Wednesday, December 06, 2006

Iraq Study Group to Report Today

As we wait for the report to be issued, here are some things to look at:

The Iraq Study Group Homepage - the report will be available at 11:00 am.

Bush has already met with Baker and Hamilton, and calls the report "very tough" and vows to take it seriously: (from

"I will take it very seriously and we will act on it in a timely fashion," Bush told reporters at the White House after meeting with the group for about an hour.

"This report gives a very tough assessment of the situation in Iraq. It is a report that brings some really very interesting proposals," Bush said.
Report calls for talks with Iran and Syria:

Leaks of the report suggest that the ISG will encourage the U.S. to reach out for more help on Iraq's security — including Iran and Syria as part of a larger group — and to gradually change the mission of U.S. troops from combat to training and support, with a broad goal of withdrawing the Americans by early 2008.

The president has resisted engagement with Iran and Syria, which the U.S. accuse of being bad actors on the world stage as well as fomenting instability in Iraq. Bush has rejected any timetable for U.S. troop drawdowns.

But the White House also insists that the examinations, including an administration review of military options led by Gen.
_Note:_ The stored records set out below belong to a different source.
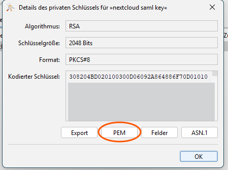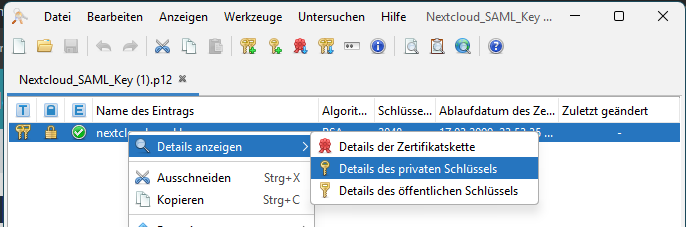 After downloading the .p12 file, Applications like KeyStore Explorer can be used to read the private key and copy the private key and the certificate in PEM format into a file and upload them into Odoo's SAML configuration. As signature algorithm choose either SHA1 or the more modern SHA256.
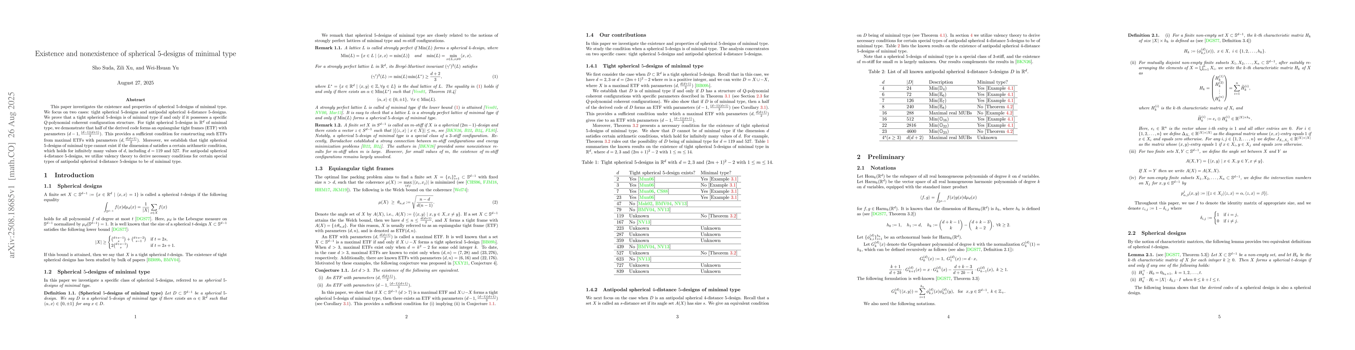 This paper investigates the existence and properties of spherical $5$-designs of minimal type. We focus on two cases: tight spherical $5$-designs and antipodal spherical $4$-distance $5$-designs. We prove that a tight spherical $5$-design is of minimal type if and only if it possesses a specific $Q$-polynomial coherent configuration structure. For tight spherical $5$-designs in $\mathbb{R}^d$ of minimal type, we demonstrate that half of the derived code forms an equiangular tight frames (ETF) with parameters $(d-1, \frac{(d-1)(d+1)}{3})$. This provides a sufficient condition for constructing such ETFs from maximal ETFs with parameters $(d, \frac{d(d+1)}{2})$. Moreover, we establish that tight spherical $5$-designs of minimal type cannot exist if the dimension $d$ satisfies a certain arithmetic condition, which holds for infinitely many values of $d$, including $d=119$ and $527$. For antipodal spherical $4$-distance $5$-designs, we utilize valency theory to derive necessary conditions for certain special types of antipodal spherical $4$-distance $5$-designs to be of minimal type.
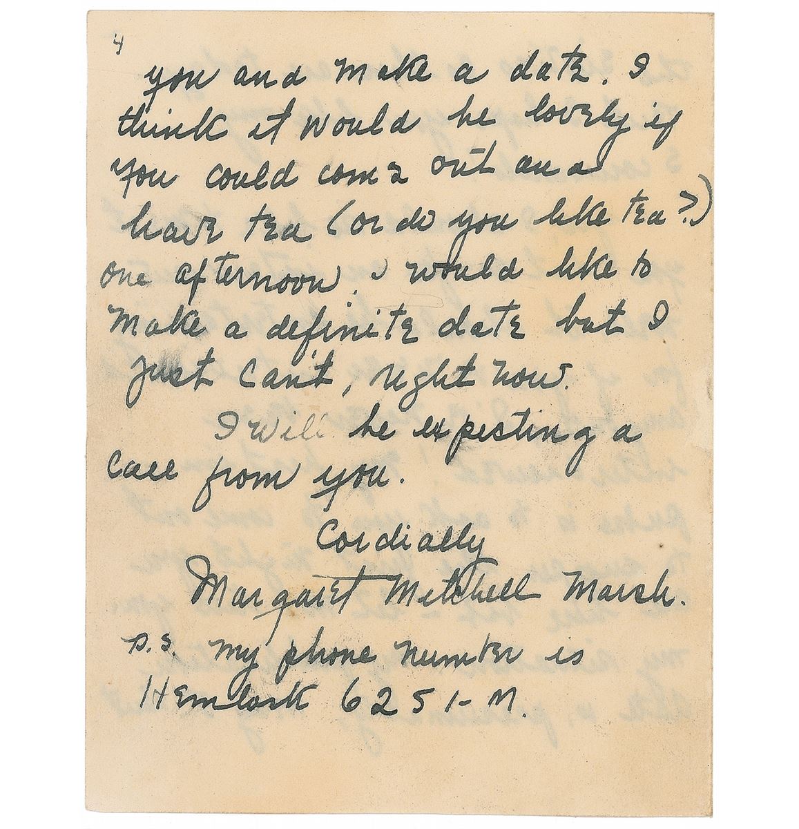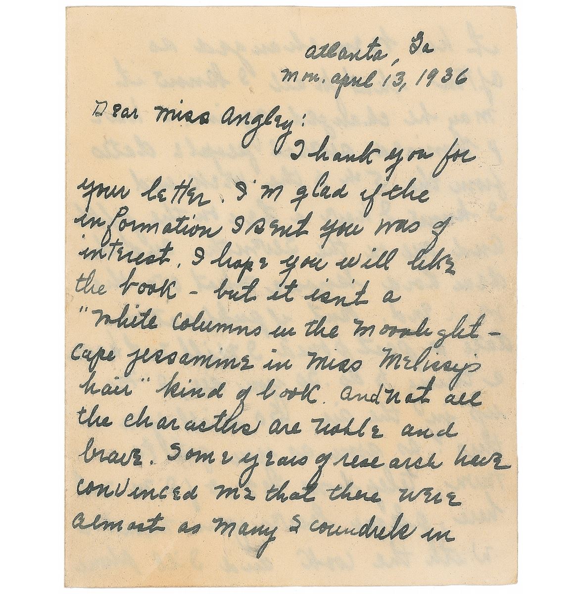 ALS signed “Margaret Mitchell Marsh,” four pages on two adjoining sheets, 4 x 5, April 13, 1936. Letter to Miss Martha Angley. In part: “I'm glad if the information I sent you was of interest. I hope you will like the book—but it isn't a 'White Columns in the Moonlight—Cape jessamine in Miss Melissy's hair' kind of book. And not all the characters are noble and brave. Some years of research have convinced me that there were almost as many Scoundrels in the Sixties as there are today. But I hope you like my Scoundrels!

Peter Pace, chairman of the Joint Chiefs of Staff, will be considered.

USA Today blog on expected reccomendations:
• President Bush should set specific security benchmarks for the Iraqi government and threaten to pull support if it fails to meet them.
• The Pentagon should "withdraw nearly all combat units by early 2008 while leaving behind tens of thousands of troops to advise, train and embed with Iraqi forces," the Washington Post reported.
• Bush should "aggressively tackle the Israeli-Palestinian dispute to reduce the broader regional tensions fueling the Iraq conflict," according to the Post.
• U.S. diplomats should hold talks with Iran and Syria about stopping the violence in Iraq.
• Iraq's neighbors should be brought to together for a regional conference.
• Sources told CNN a major theme "is a blunt assessment that the mission in Iraq will fail unless the Bush administration and the newly elected Democratic Congress come together on a bipartisan basis to deal with the declining support for the war within the United States."
Here's what others are saying:

Rick Moran of Redstate on the commission report:
Today is the day that the Iraq Study Group will deliver its not so secret recommendations on how we can best pull out of Iraq without leaving behind a bloody mess, regional chaos, increased Iranian influence, and a helpless, toothless, Iraqi government dominated by theocrats and thugs.
This is our new battle cry; "We must mitigate defeat!"
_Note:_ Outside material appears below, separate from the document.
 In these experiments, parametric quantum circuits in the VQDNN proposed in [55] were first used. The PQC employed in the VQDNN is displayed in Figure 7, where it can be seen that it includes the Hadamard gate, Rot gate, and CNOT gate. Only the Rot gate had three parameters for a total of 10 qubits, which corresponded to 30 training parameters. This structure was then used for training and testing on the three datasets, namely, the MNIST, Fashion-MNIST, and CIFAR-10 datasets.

Stirring, isn't it? Not quite the ring that "Remember the Alamo" has but then, this is the 21st century and such patriotic and emotional displays are frowned upon by the blue blooded "wise men" of the ISG who have labored long and hard to produce this recipe for American retreat.

Paul Seale of Redstate:
What I am concerned about is what the media is already talking about. Apparently it is being leaked that the group is recommending that "President Bush to move most U.S. troops out of combat roles by early 2008," yet it supposedly does not set any hard time tables.

Uh, so what do you call a urge to pull out by early 2008?

Perhaps what is so maddening about this whole affair is how we are seemingly hanging out to dry our troops who are taking the fight to our enemies, and by proxy, siding with those who wish to do us harm.

Andrew McCarthy of NR:
Some, like congressional Democrats, a growing chorus of disaffected Republicans, the vaunted Baker-Hamilton Iraq Study Group, and departing Defense Secretary Donald Rumsfeld, think the answer is fewer American troops. Others, prominently including National Review’s Rich Lowry, aptly point out that the only stable precincts in Iraq (at least outside the Kurdish region, the war’s much ignored success story) are those that enjoy a high concentration of American troops. Wherever we see the political establishment’s preference for a light U.S. footprint, chaos reigns.
McCarthy says view Iraq as a battle, not the war:
There is only one good reason for American troops to be in Iraq. It is the reason we sent them there in 2003: To fight and win the “war on terror” — i.e., the war against radical Islam — by deposing rogue regimes helping the terror network wage a long-term, existential jihad against the United States. You can argue that Iraq was the wrong rogue to start with; but destroying radical Islam’s will and its capacity to project power is what the war is about.

Iraq is but a single battlefield in that war. It is not “the war.” Stabilizing or even — mirabile dictu! — democratizing Iraq is not winning the war. It is the overseas equivalent of rebuilding the World Trade Center. The hard reality is that war exacts a terrible toll and its fallout must be addressed. This is why we hate war and resort to it only in the face of greater evils. But cleaning up war’s unavoidable messes is not the same as winning.

Winning the war means taking on the regimes and factions that are waging it. That is what the president promised to do after 9/11. “You’re with us or you’re with the terrorists.”